FIFA’s executive approved plans to split the ethics committee, which looks into wrongdoing by officials, into separate divisions with one to investigate cases and one to judge them.
It also gave the thumbs-up to a proposal that candidates for certain positions within FIFA should be vetted.
However, FIFA said in a statement that other issues would be “further discussed according to the roadmap”, possibly after this year’s annual Congress in Budapest in May.
These included the composition of the executive committee, the extra representation given to British associations and the controversial bidding processes for the 2018 and 2022 World Cups, awarded to Russia and Qatar respectively.
A decision on limiting the president’s mandate to two four-year terms and the same for executive committee members will also have to wait.
Blatter hailed the two approved measures, which will be put to the FIFA Congress to be rubber-stamped, as “an historic day for FIFA’s reform process”.
“I can say that the executive committee unanimously agreed to this new approach in our efforts for more transparency, integrity and also how to fight against all the devils which are in our society, and also touches our games,” he added.

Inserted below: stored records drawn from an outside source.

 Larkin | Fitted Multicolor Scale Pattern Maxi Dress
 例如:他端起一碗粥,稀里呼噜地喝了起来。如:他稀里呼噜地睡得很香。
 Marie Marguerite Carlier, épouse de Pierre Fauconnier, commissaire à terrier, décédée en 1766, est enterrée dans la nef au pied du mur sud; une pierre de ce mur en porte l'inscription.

Blatter said reform of the ethics committee was one of the main points made by Mark Pieth, a professor from the Swiss-based Institute of Governance who heads a 13-member panel created last year to oversee changes in the way Swiss-based FIFA is run.
DEVELOPMENT FUNDS
Pieth produced a report strongly critical of the way FIFA has handled past corruption cases, including former presidential candidate Mohamed Bin Hammam being banned for life and two executive committee members being punished in cash for votes scandals.
“Clearly, the existing procedures are insufficient to meet the challenges of a major global sport governing body. This has led to unsatisfactory reactions to persistent allegations,” the report said.

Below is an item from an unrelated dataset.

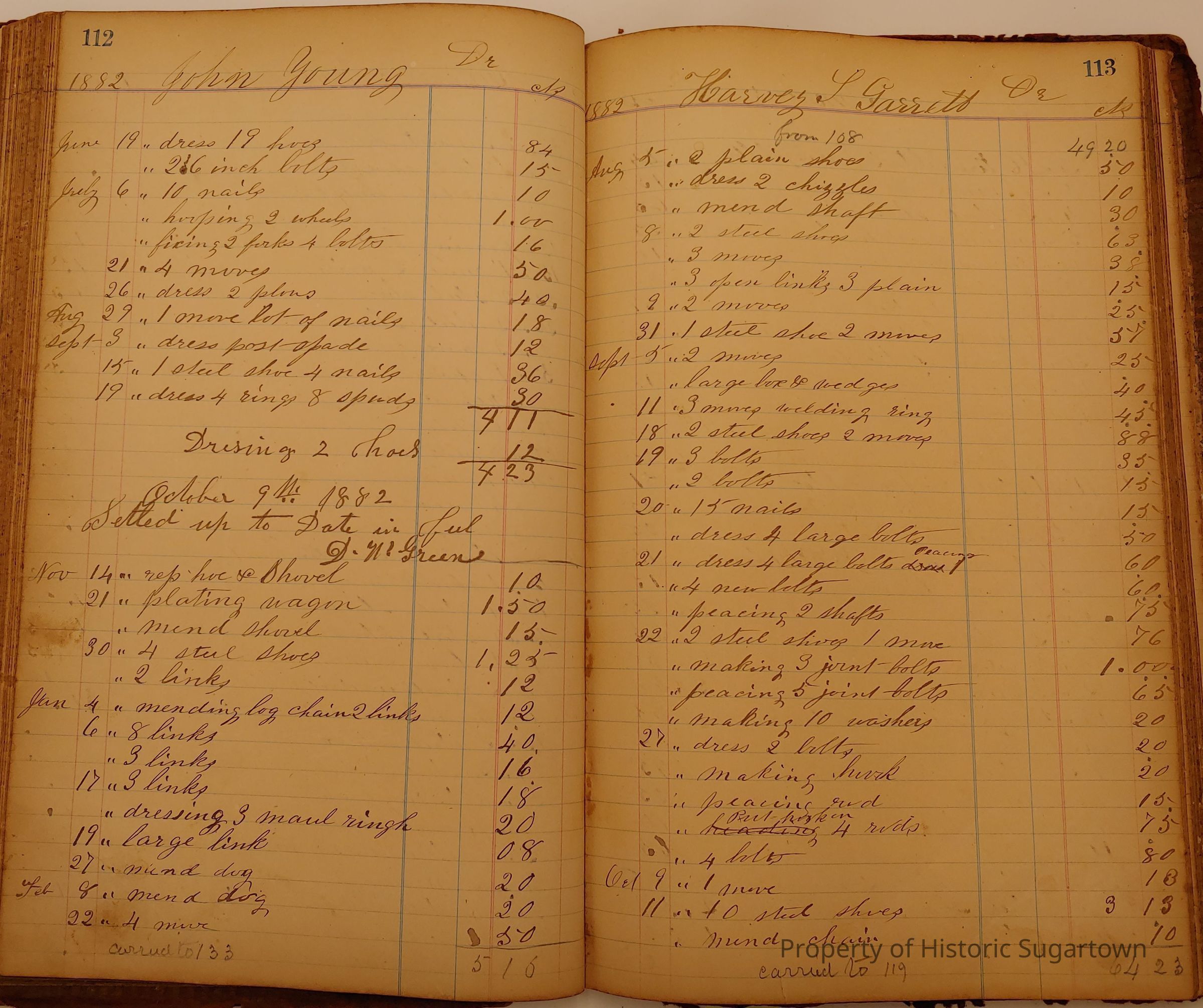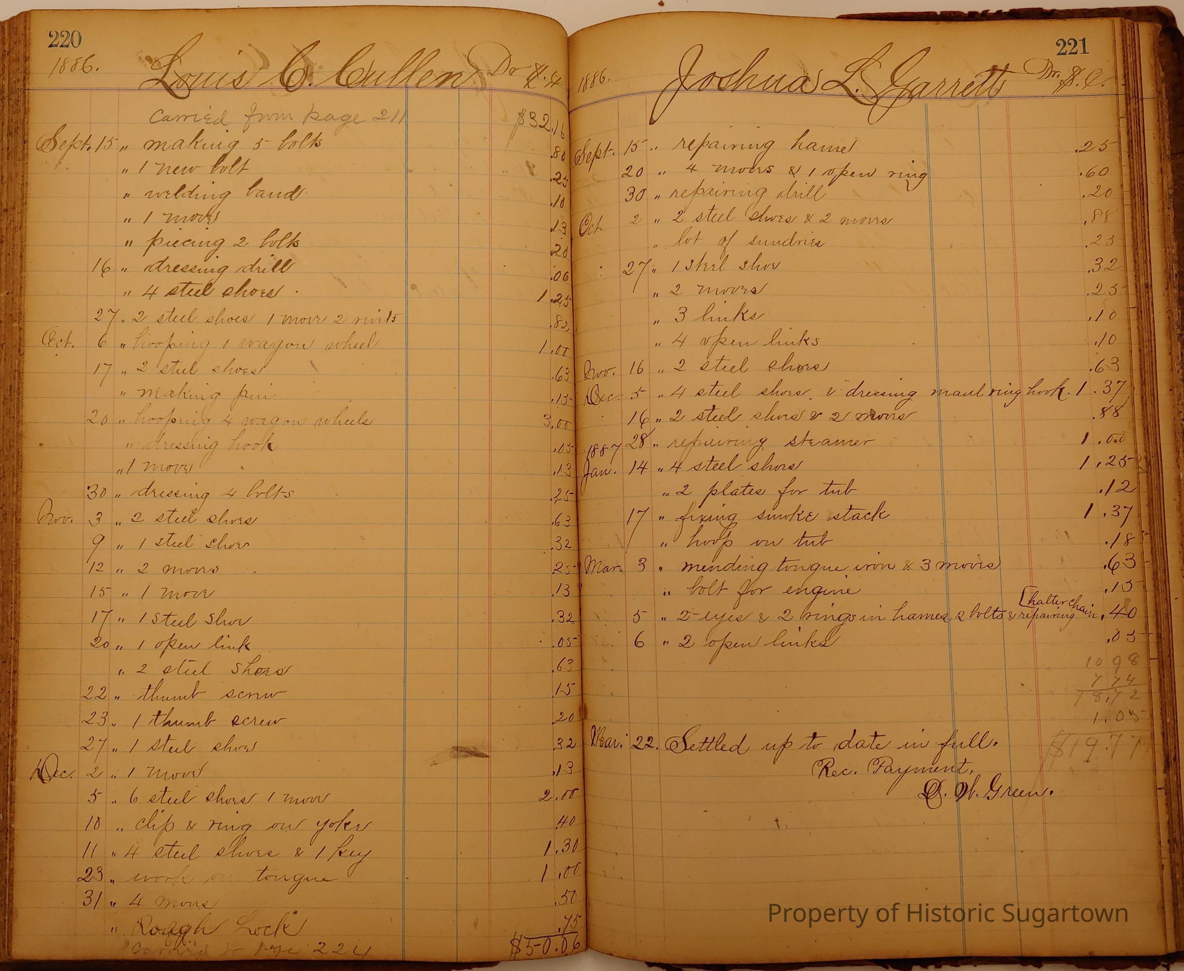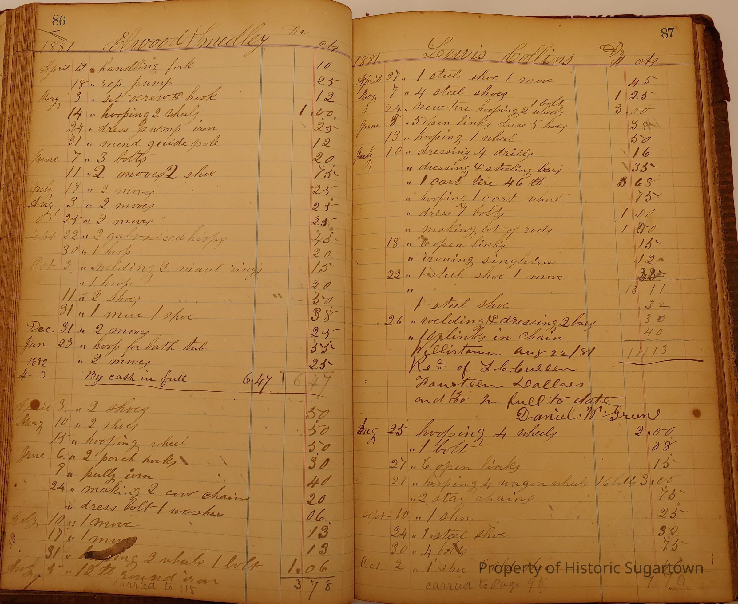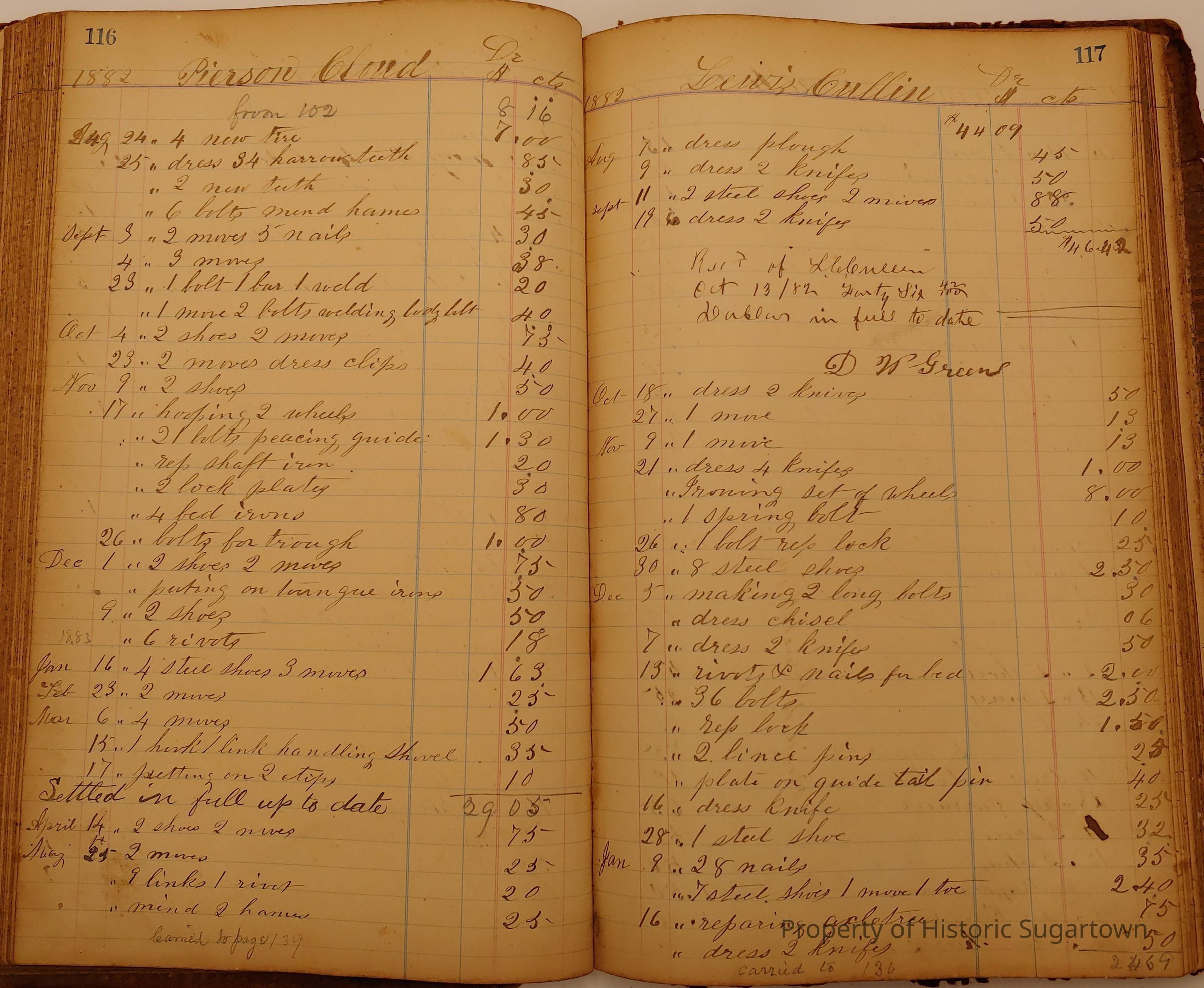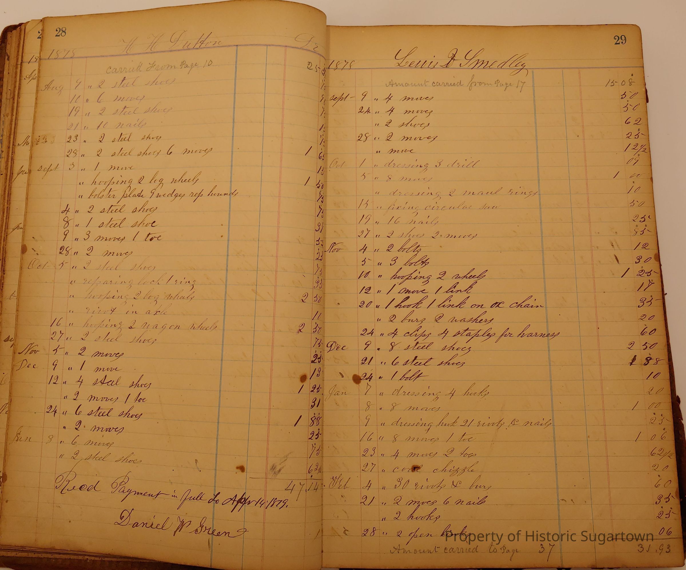 Daniel W. Green, Blacksmith Collection 1864-1887/Daybook 1874-1887Entry/Object ID

“In some instances, allegations were insufficiently investigated and where sanctions were imposed, they are at times insufficient and clearly unconvincing.
The report added: “It is fundamental that nominees for senior FIFA positions are vetted by an independent nominations committee, to be put in place as soon as possible, in order to ensure that candidates for the next elections fulfill the necessary substantive criteria and ethical requirements and that the selection process is fair and transparent.”
Pieth also said that FIFA needs to urgently streamline its procedures on the hosting of competitions, on marketing decisions and the way money is distributed for FIFA’s development programmes.
“All requests for development funds and the relating decisions should be properly documented. The use of funds should be tightly controlled and publicly disclosed,” the report said.